But by what repeatable method can we evaluate the trustworthiness of companies and their people? Usually the answer is some combination of financial statement analysis and “trust your gut.” Here is the problem with that:

1. Time and resource constraints

Companies communicate information through words more than numbers. For example, from 2009 to 2019, the annual reports of the Dow Jones Industrial Average’s component companies tallied just over 31.8 million words and numbers combined, according to AIM Consulting. Numbers only made up 13.5% of the total.

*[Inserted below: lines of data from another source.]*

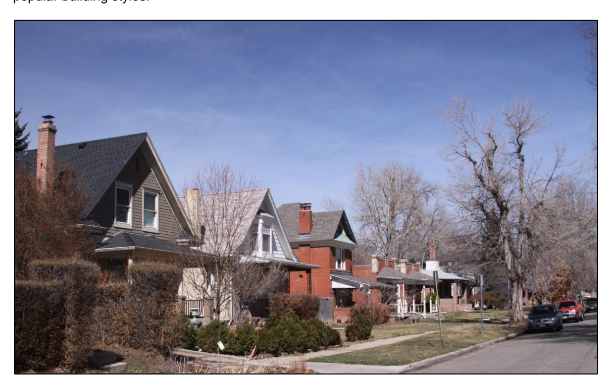
3300 block of Osceola

a) Embody distinguishing characteristics of an architectural style or type; The district embodies distinguishing characteristics of architectural styles and types that illustrate the evolution of middle class housing types and styles over time. While there are a few large, high style structures designed for wealthy residents, the predominate building stock reflects middle class housing. Within the district, the largest percentage of houses are Queen Anne style structures primarily built before the Silver Crash of 1893. As the economy recovered, the changes in popular architectural styles are seen in numerous turn of the century Classic Cottages and the related, but larger Denver Squares. Preferences in types and styles continued to evolve as Bungalows, English cottages, and Terrace type buildings became more prevalent. Packard's Hill shows Denver's history of building predominantly in brick, while following nationwide trends in popular building styles.
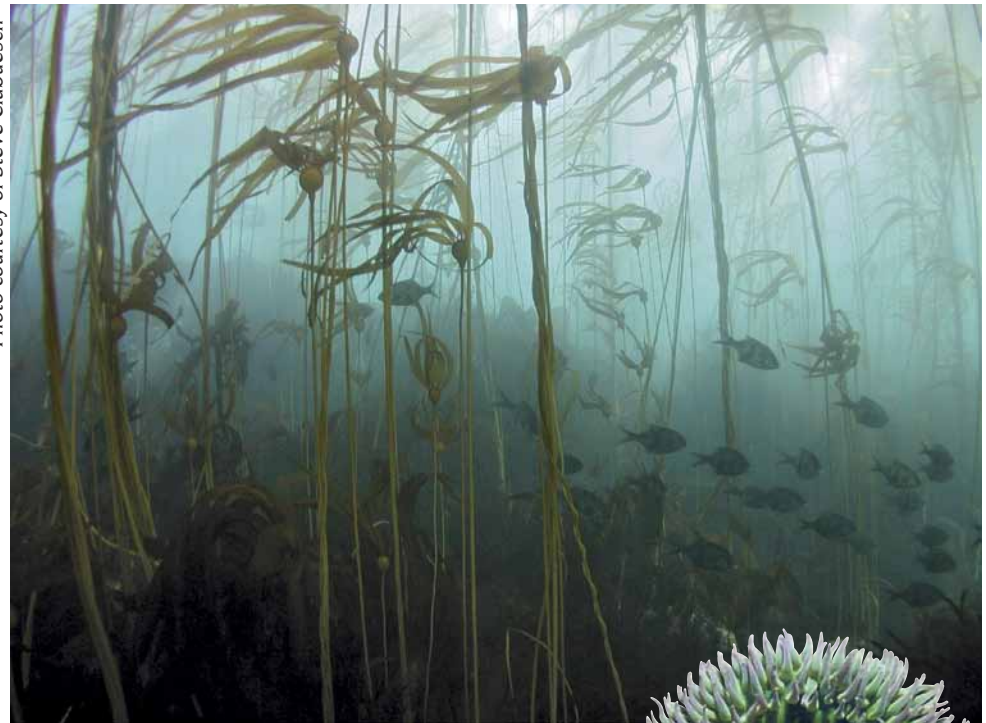
Marine life abounds in the waters off Salt Point. Above: bull kelp forest; right: anemone.
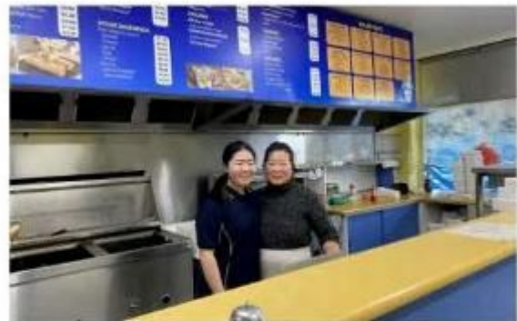
Stevie's Fish and Chips
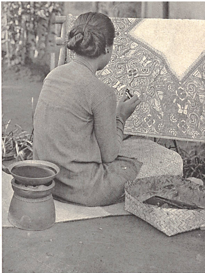
Reichenbach & Co., St. Gall.

The best-known Javanese « batik » products are : the sarong , the typical native garment, worn by men, women and children alike. It is a strip of cloth
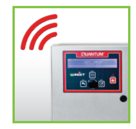
Active monitoring with alerts informs operators when critical issues arise.
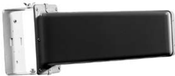
AGY10 / AGY11
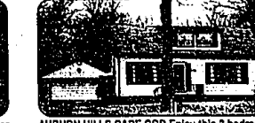
AUBURN HILLS CAPE COD Enjoy this 3 bedroom, 1.5 bath home on a great tree lot. Entertainment in the finished basement. Avondale school. $124,900 (OE210AK) 299-6200
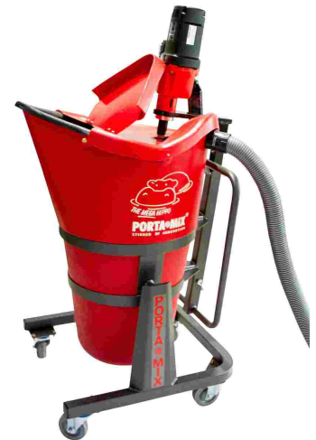
Model: PMH80F-DC3 Call for Price
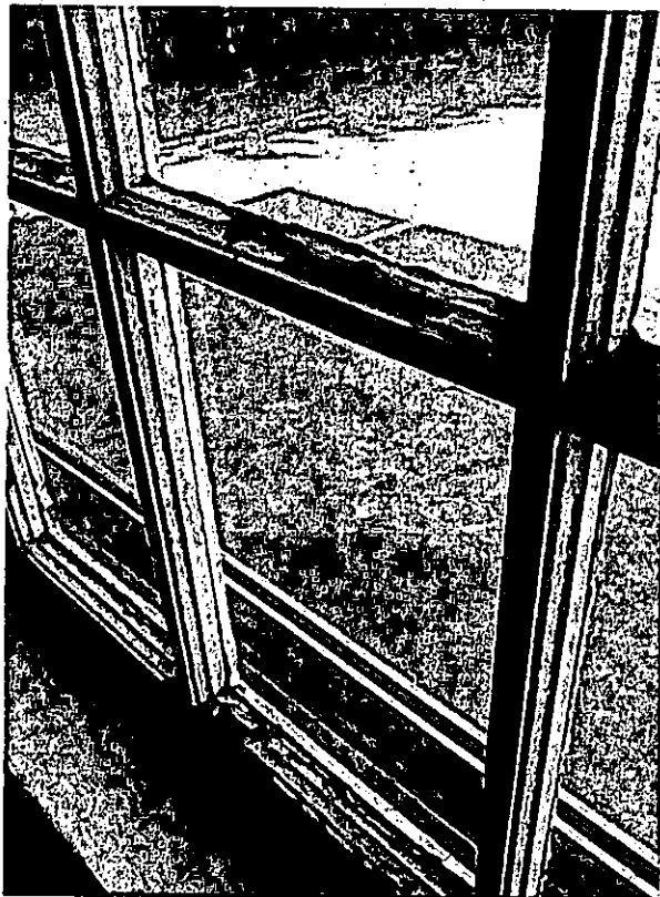
Figure 4.—Close-up view of the interior of one of the windows on the back of the building. These windows date from 1938 when this addition was added.
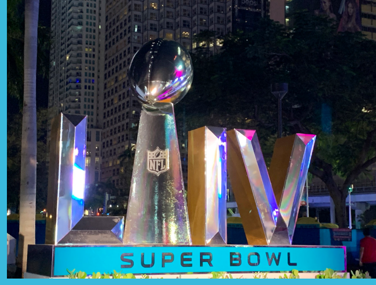
Entrance to Hard Rock stadium.

Super Bowl LIV monument in Miami, FL.
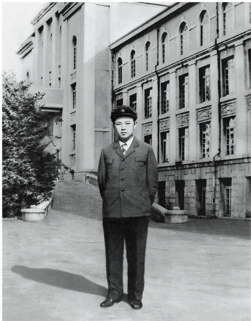
Kim Jong Il in his days at Kim Il Sung University
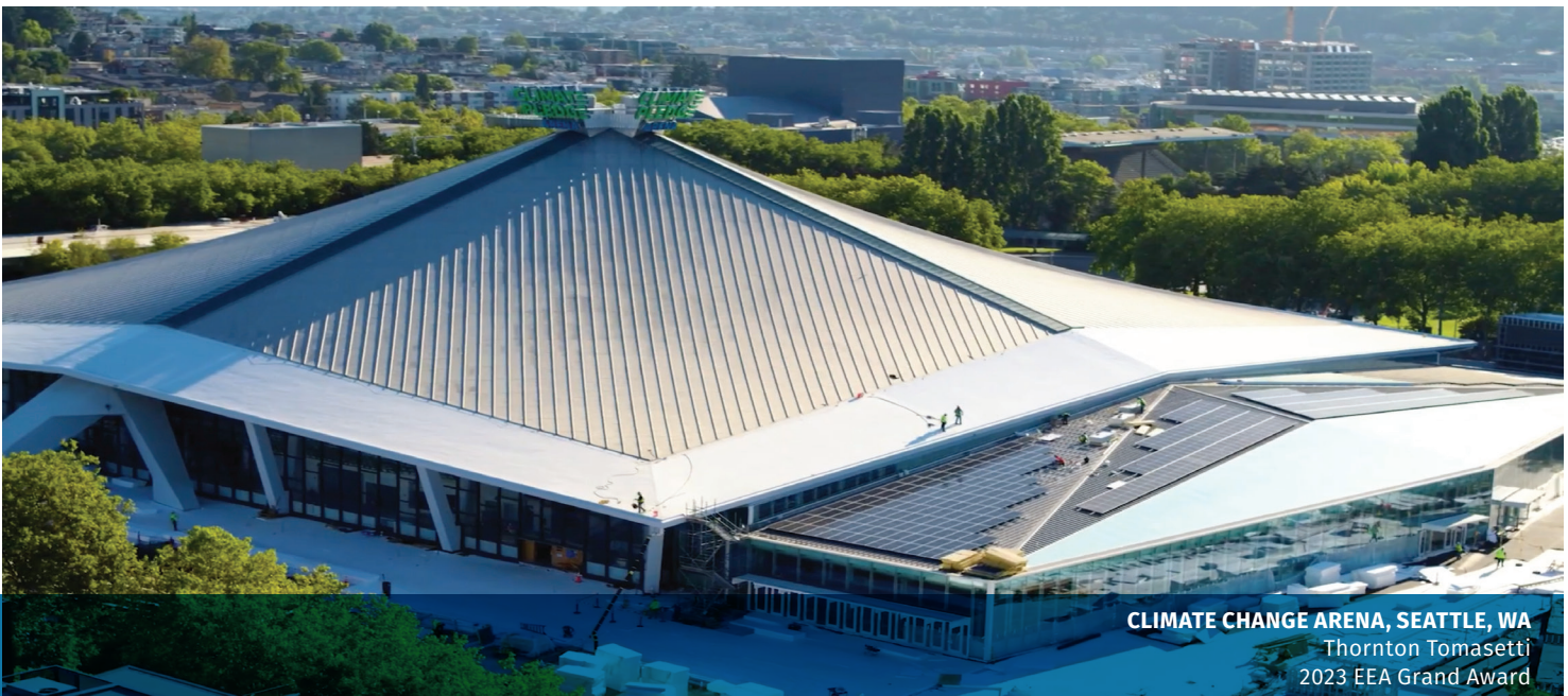
CLIMATE CHANGE ARENA, SEATTLE, WA Thornton Tomasetti 2023 EEA Grand Award

Now, JP Morgan’s 2012 annual report is 237,894 words. Let’s say an average reader can read and comprehend about 125 words per minute. At this rate, it would take a research analyst approximately 31 hours and 43 minutes to thoroughly read the report. The average mutual fund research analyst in the United States makes around $70,000 per year, according to WallStreetMojo. So that one JP Morgan report costs a firm more than $1,100 to assess. If we are already invested in JP Morgan, we’d perform much of this work just to ensure our trust in the company.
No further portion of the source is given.